“New” Study on HS Athletics Same Old Activist Bunk
A report alleging widespread disparities in athletic opportunities offered to boys and girls in high schools across the country is not a serious policy document worthy of any close consideration but just another iteration of activist groups’ efforts to scare parents, cozy up to Department of Education and drag the three-part test — a law only designed and intended for intercollegiate athletics — into high schools. If the research is believed (it shouldn’t — the statistics and analytical measurements are questionable) and if the recommendations are followed (better to disregard them), doomed days lie ahead for the millions of high school boys whose teams will be dropped in the quest to maintain equal numbers of male and female athletes.
“The Decade of Decline: Gender Equity in High School Sports” is written by a cadre of special interest groups that make up the gender quota crowd — the SHARP Center (formed by the Women’s Sports Foundation (WSF) and the University of Michigan’s School of Kinesiology and Institute for Research on Women & Gender), Center for Research on Physical Activity, Sport & Health and the National Women’s Law Center (NWLC). The “consultative energy and scholarly insights” of people like Donna Lopiano and Ellen Staurowsky, also shaped the findings. However, they are not impartial outside authorities but part of the lucrative cottage industry of Title IX consultants who stay in business by parroting the talking points of activist groups.

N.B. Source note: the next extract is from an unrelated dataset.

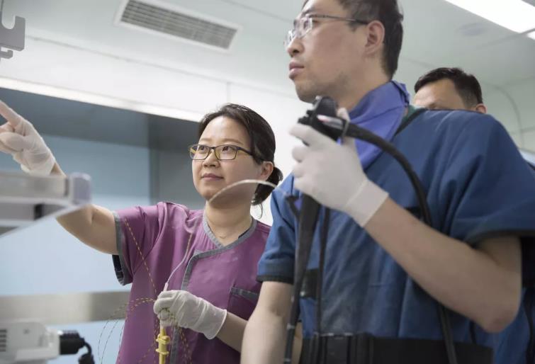 孙敏参与的ERCP手术,可谓来头不小!这项手术又称“经内镜逆行性胰胆管造影术”,通俗地说,是指将十二指肠镜插至十二指肠降部,找到十二指肠乳头,由活检管道内插入造影导管至乳头开口部,注入造影剂后x线摄片,以显示胰胆管的技术。由于ERCP不用开刀,创伤小,手术时间短,并发症较传统手术少,住院时间也大大缩短,深受患者欢迎。在短短几十年中ERCP在临床上取得了巨大的成绩,已经成为当今胰胆疾病重要的治疗手段。由于手术对技术和器械要求都较高,既是内镜相关造影手术的前沿阵地,又是东方总院医护精英们的“家常便饭”。“作为手术台上的一助,决定着我要与主刀医生密切配合,应对复杂情况和随时变化,成功完成手术,这就决定了我必须以最谨慎的态度、最精细的把控去应对一场场战役,我自身的状态将影响到整个手术的进程与效果,不容一丝懈怠。因此,我每天都扪心自问:是否做到了最好!”孙敏总是这样说。

It is risky trusting the study’s authors to guide local school districts, influence the Department of Education and protect the needs of high school students. They don’t have the best interests of students in mind when they favor championing their agendas and building their organizations’ reputations over making sure that their policy prescriptions — namely enforcing equal numbers of male and female athletes and threatening school districts with costly litigation — don’t cause deep-seated, often irreversible harms to the students.
Unfortunately, by purposefully denying that the three-part test is only for intercollegiate athletics, and that the implementation of said test via proportionality has already generated tremendous consequences in colleges and universities nationwide, these groups are only increasing the negative impact on our young student-athletes.